Taliban-Juvenile fiction.

Grades 5-9 / Ages 10-14.

Review by Joan Marshall.

**** /4

 

excerpt:

"Someone's coming," she said, "across the mine field."

Asif turned and looked where she was pointing.

"I think it's a girl," he said.

"I think you're right," Parvana said, seeing the chador flow out from the girl's head as she ran toward them.

"Do you think she's real?" Asif asked.

Parvana wasn't prepared to guess. Things that seemed real to her turned out to be things she had just dreamed up. "We can't both be imagining her, can we?" Before they had time to wonder, the girl herself was there.

"Children!" she exclaimed. "It's been ages since I've seen children!" She bent down to hug them. Parvana and Asif were too stunned to hug her back. The girl was smaller than Asif. She wore a filthy green chador over her hair. "And you have a baby. Oh, this is wonderful! Did anybody die?"

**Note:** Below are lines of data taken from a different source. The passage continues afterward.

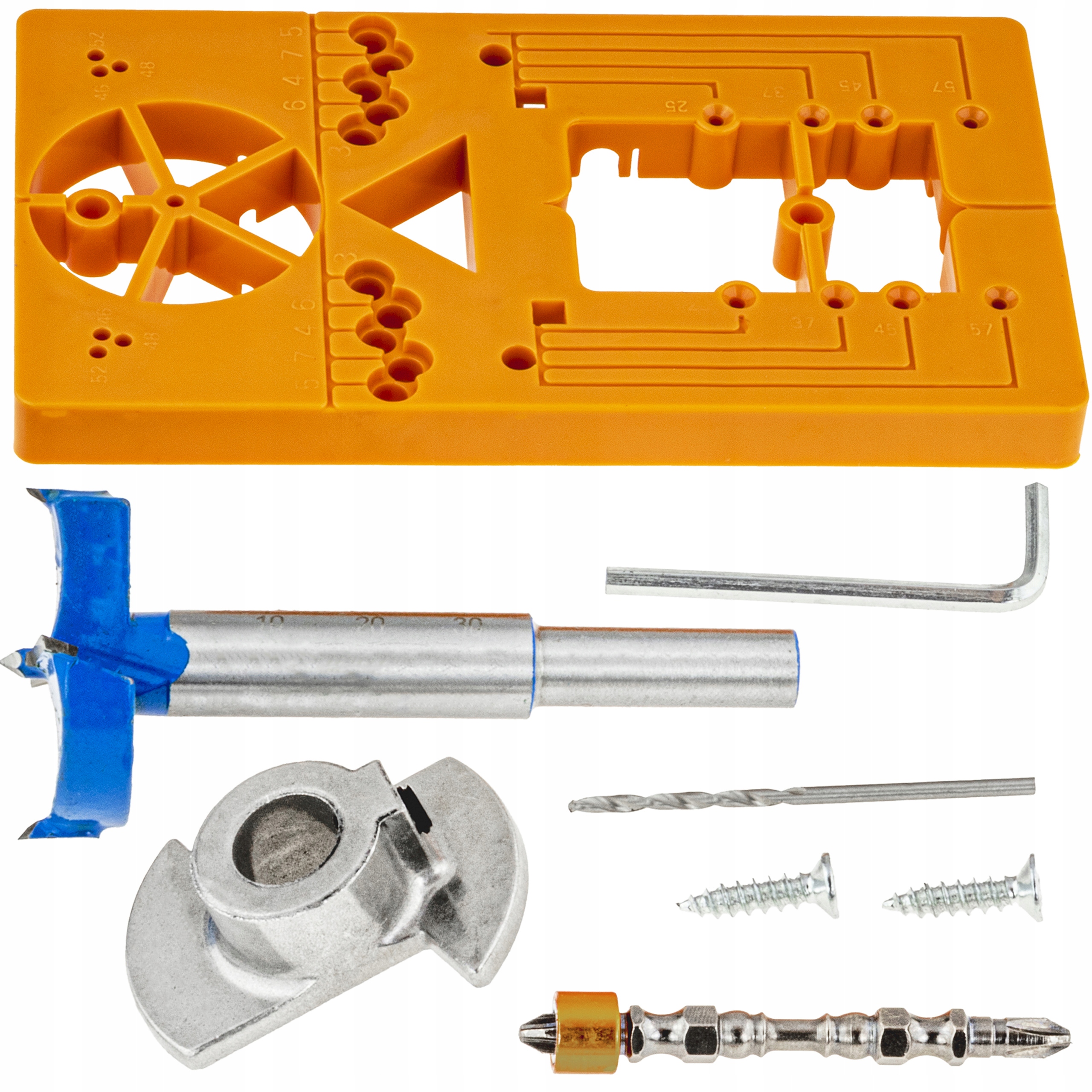 ФРЕЗЕР РЕГУЛЬОВАНИЙ ДЛЯ ПЕТЕЛЬ 35ММ З НАПРАВЛЯЮЧОЮ + ШАБЛОН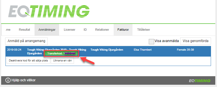 Om du önskar att avaktivera transfer-koden så kan du trycka på Avaktivera kod för att sälja plats.
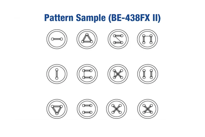 Around 89 patterns have been preset into the sewing machine. Any sewing pattern can be selected as long as the needle will drop into the holes of the buttons. When sewing patterns that do not have crossover stitches, the thread is trimmed after sewing of one side is completed, and then the other side is sewn.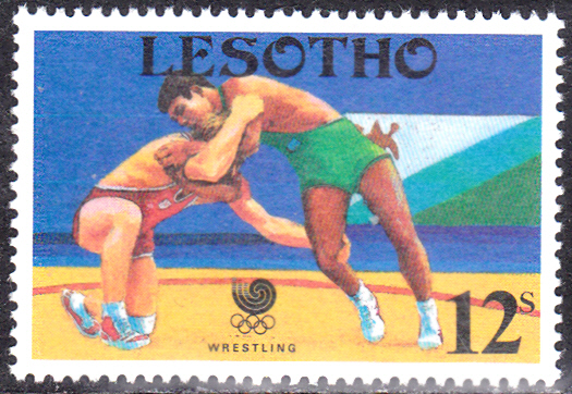 In Lesotho ist zu den Sommerspielen 1988 in Seoul diese Marke (MiNr 727) mit zwei Ringer beim Kampf erschienen.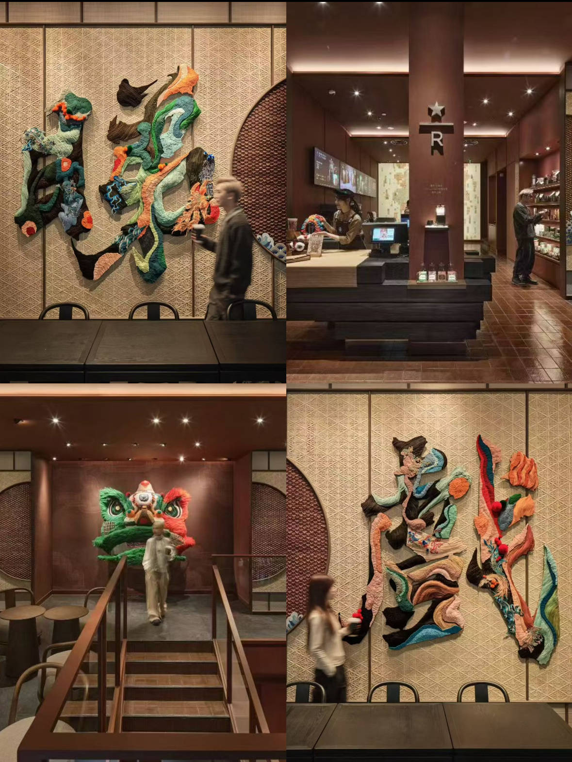 店内设计处处体现非遗与现代的创意融合。一楼吧台墙面的像素化粤剧脸谱,以云南藤编为底,融入咖啡豆纹理与器具元素;二楼楼梯端的非遗醒狮作品,则结合粤剧戏服面料、竹编工艺与星巴克标志性绿围裙,象征广府文化的创新传承。特别引人注目的是由云南藤编非遗传承人陈艳秋创作的《藤鳞戏韵》,以腾冲老藤采用传统“错缝叠压法”编出鱼鳞肌理,其复古红色彩既呼应粤剧舞台,也契合深烘咖啡的醇厚基调。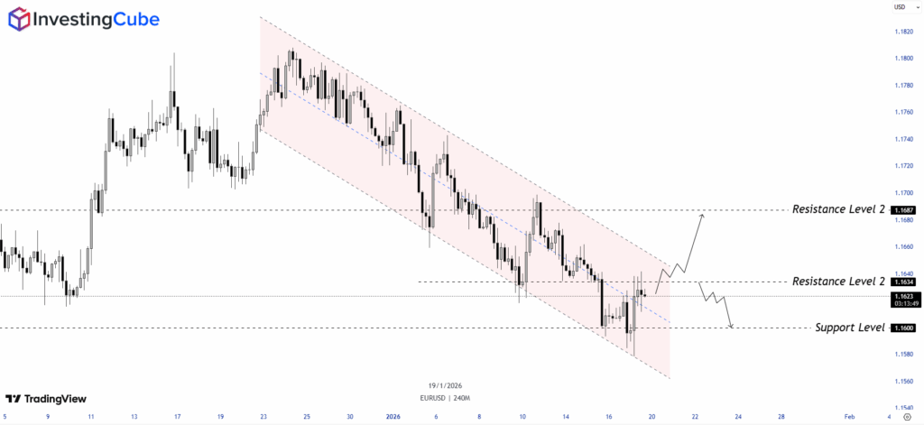 - Technically, the pair is trading within a descending channel, with 1.1600 as key support and 1.1680 as major resistance.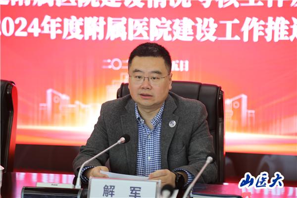 1月5日上午,我校在中都校區教學辦公樓五層會議室召開“新建附屬醫院建設情況考核工作反饋暨2024年度附屬醫院建設工作推進會”。校黨委書記王軍,校長解軍,校黨委常委、副校長劉春,學校辦公室、教務部、科學技術部、人事部、研究生學院、醫院管理部負責人,18所附屬醫院和教學醫院的黨委書記、院長、分管副院長和科教部門負責人等參加了會議。會上,王軍作了題為《建章立制促規范,強化保障提能效,以附屬醫院高質量發展為學校“雙一流”建設提質增效》的講話,會議由解軍主持。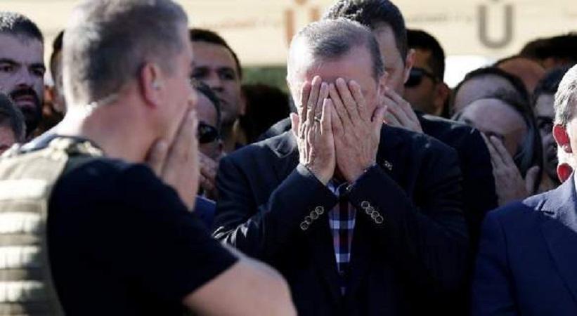 Ο επικεφαλής του τουρκικού κράτους, ο οποίος δεν θεωρείται ιδιαίτερα διαχυτικός στις δημοσίες εμφανίσεις του, ξέσπασε σε κλάματα ενώ εκφωνούσε τον επικήδειο λόγο σε ένα τέμενος στην ασιατική πλευρά της Κωνσταντινούπολης. Το θύμα ήταν φίλος του, ένας γνωστός διαφημιστής στην Τουρκία, και σκοτώθηκε μαζί με τον 16χρονο γιο του τη νύχτα της Παρασκευής προς Σάββατο από τους υποστηρικτές των πραξικοπηματιών.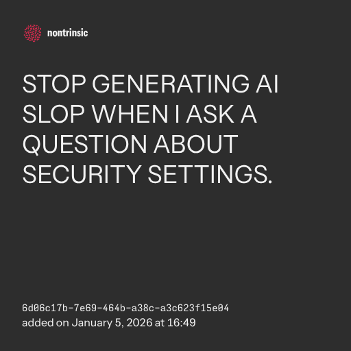 поделитьсяSTOP GENERATING AI SLOP WHEN I ASK A QUESTION ABOUT SECURITY SETTINGS.
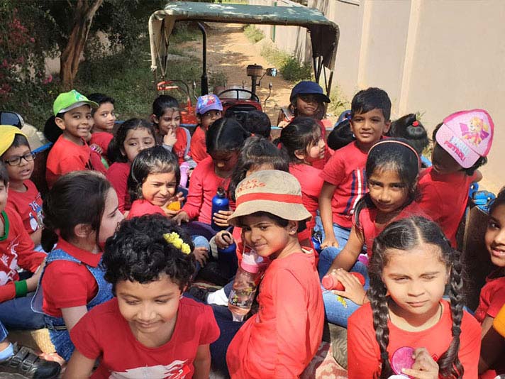 The annual picnic for kindergarten students of NPS was organized at Enchanting Acres on Friday, 10 January 2020. Students trooped in early to school, full of enthusiasm and filled with anticipation of a day of unlimited fun and excitement. The dress for the day was blue jeans and red T-shirt, in which the children looked relaxed and resplendent. It set the mood for the day. The gleam in their eyes spoke eloquently about how they intended to make this a day to remember. The celebratory mood began during the bus ride to the venue itself, with the students listening to and singing their favourite songs. On arrival at Enchanting Acres, they were ushered in for a sumptuous breakfast, which came as a welcome energizer for the students. Fully replenished, they plunged headlong into the activities which were planned for them. The fun activities included potting, animal feeding, pottery and leaf printing. The highlight of the trip...a tractor ride, which was an absolute novelty for them. The series of activities was followed by a delicious lunch and a surprise serving of ice-cream which lit up the eyes of the little ones. All good things, though, have to come to an end and the children finally boarded the bus for the return journey to the school. One could sense their eagerness to share their fun filled experiences with their parents. It was indeed a day well spent, and an occasion to remember for the little ones./p>

It is easy to ignore or forget about the plight of civilians during wartime as the media highlight instead the roles played by opposing militaries. In Parvana's Journey, a sequel to the award winning The Breadwinner, Deborah Ellis shows us the horrific situations that war can bring for all, but particularly for children. As the story opens, 13-year-old Parvana, disguised as a boy, is burying her father who has succumbed to illness. She and her father had set out into war torn Afghanistan to search for her mother and three other siblings. Fleeing from the Taliban who want to conscript her, Parvana walks from village to village, sometimes begging and asking for work, always hungry. In one bombed out village, she finds a baby boy she names Hassan, and in a cave she discovers a crippled young boy, Arif, who has lost a leg. Trapped in a mine field, they are rescued by eight year old Leila who is alone trying to look after her old grandmother. Bombs force them to be on the move again until finally they arrive in a refugee camp where Parvana finds her mother and sisters but looks into the face of death again when Leila runs into a mine field to gather food parcels.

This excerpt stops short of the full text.